Manon Severin
Manon Severin ist ein ganz besonderes Vampirmädchen. Sie kann kein Blut mehr sehen,
was für einen Vampir wirklich nicht einfach ist.
Ihre Mama, Ludmilla belegt das Frühstücksbrot für sie. Ob sie das wenigstens isst?
„Bist du bereit, Manon? Hier ist dein Blutwurstbrot und der Bluttee. Magst du einen Apfel oder lieber eine Banane?“
„Ach Mama, du weißt doch, dass ich kein Blut mag!“ Sie ekelt sich bei der Vorstellung, Blutwurst zu essen. „Hier ist meine Frühstücksdose. Hast du noch von diesem herzhaften Rindenbrot, das Papa mitgebracht hat? Und vielleicht von der leckeren Apfelblütenwurst? Und trinken, du weißt doch: Tigerklauen -Tee.“
Ludmilla stöhnt leise auf. „Wenigstens den trinkst du, seit du weißt, dass die Tigerklaue eine Pflanze ist und der Tee nichts von einem Tier enthält.“ Sie macht sich große Sorgen um ihr so zartes Töchterchen, die jüngste ihrer 6 Kinder. „Kindchen, Kindchen, du willst doch groß und stark werden! Wie stellst du dir das vor? Wie willst du im Flugunterricht die Meisterschaft im Weitflug schaffen, wenn du nichts zu beißen hast“
„Mama, ich bin die Beste in der Klasse! Unterstell mir nicht, dass ich nichts leiste! Danke für das Brot.“
Beleidigt schnappt sie ihre Frühstücksdose und ihre Jacke, dann stürmt sie zum Flugloch hinaus, um zur Schule zu fliegen.

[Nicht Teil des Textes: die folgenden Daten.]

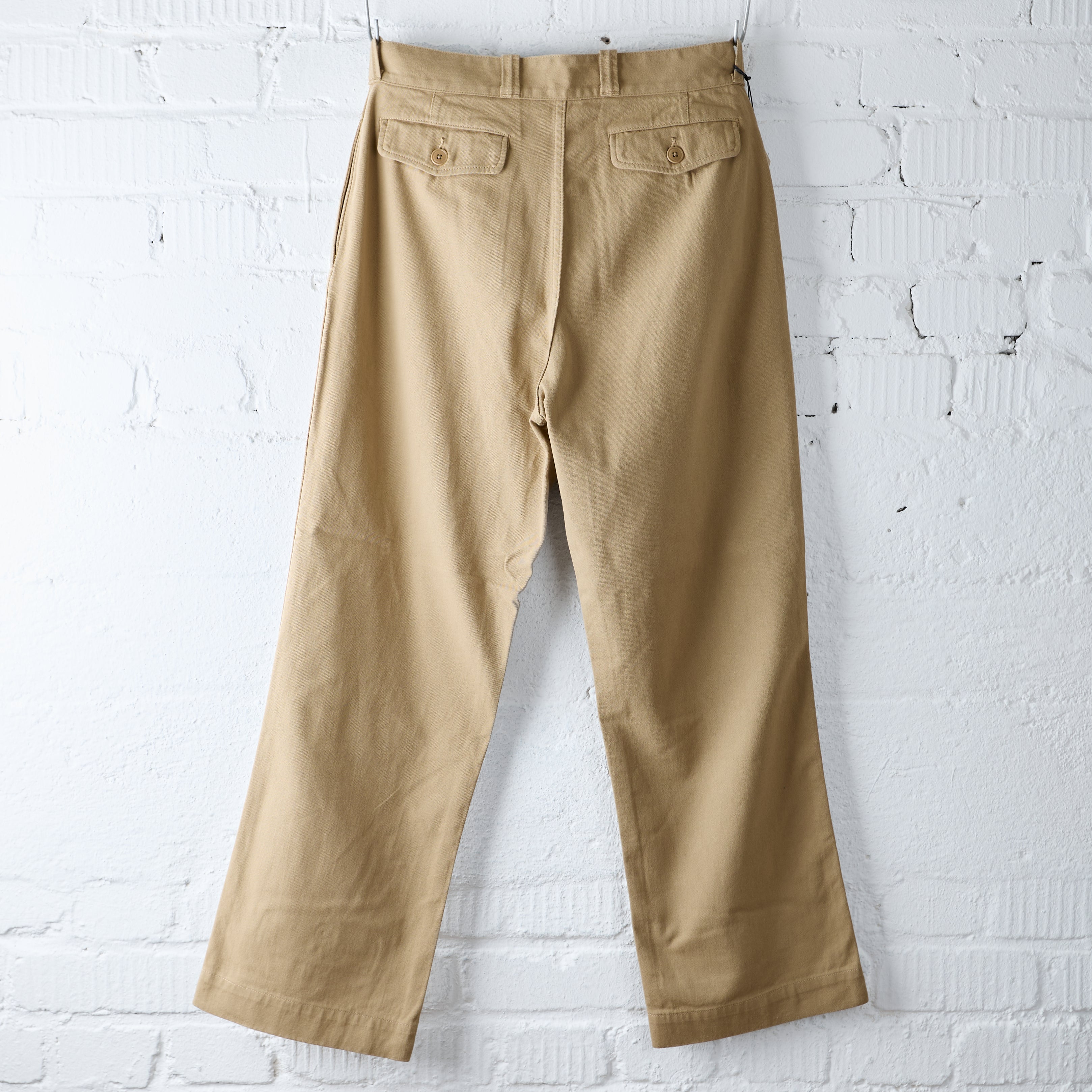 these double-pleated trousers by addict clothes are inspired by vintage french military pants and are made in japan from a soft yet robust cotton fabric. they feature a quite voluminous silhouette with a deep rise, thick thighs section and wide hem.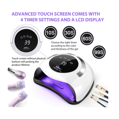 - 【 4 Preset Modes 】 4 timer setting(10/30/60/99S) Simply push the button for various purposes. Large Digital LCD displays the timers.The Nail Dryer has build-in over-heat protection which is designed for less tanned skin while curing the gels. The curing lamp also has a build-in auto sensor which detects your hand in or not. The lamp auto turns on/off for curing which provides a touch free curing. It brought you a significant convienience when using our device.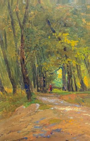 Promeneur en sous-bois, huile sur carton, 39x25 cm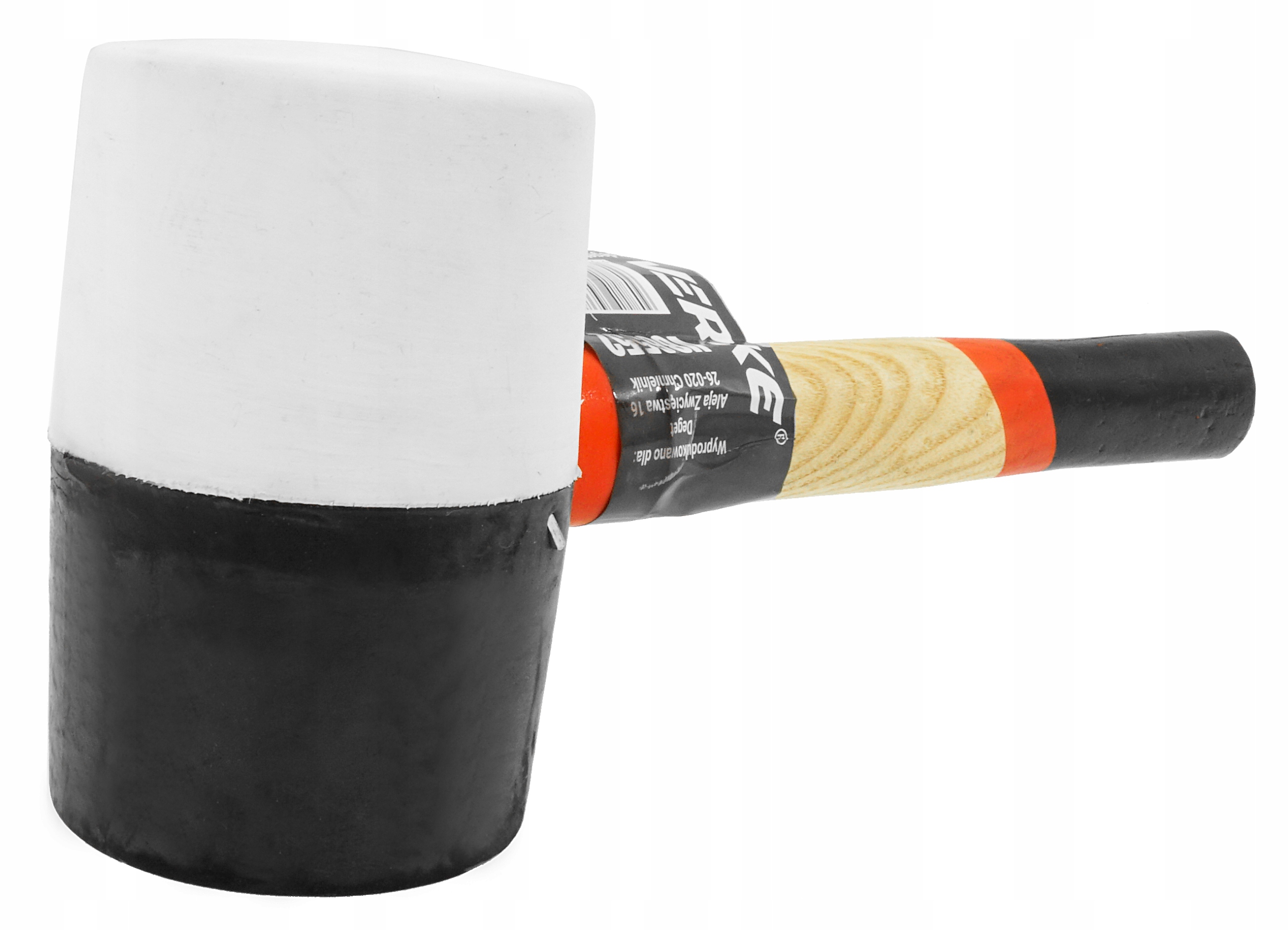 Круглий круглий половина чорно -білої гуми (вживана гума різної твердості). Встановіть на дерев’яну, лаковану ручку. Гумовий молоток для монтажних робіт у багатьох галузях. Особливо корисно при закладанні плитки, складання меблів та інших творів з делікатними матеріалами. Біла гума не залишає ознак на матеріалі. Стійкий до вологи. Вага 910 грам.

„Gute Nacht, Manon. Du siehst gar nicht gut aus, heute Nacht. Ist dir schlecht?“
„Gute Nacht, Herr Blutlache, nein, es gibt mal wieder Ärger zu Hause.“
Sie kann sich nicht mehr zurückhalten. Sie zittert vor Wut. Tränen stürzen ihr aus den Augen. Herr Blutlache, der sie wirklich gern mag, sieht sie erschrocken an: „Oh, was ist denn passiert? Ist jemand krank?“ Er denkt an Manons Vater, der schon lange Frührentner ist, weil er sich an einem Stück Holz die Zähne ausgebissen hat. Und damit kommt Dagobert ganz und gar nicht zurecht.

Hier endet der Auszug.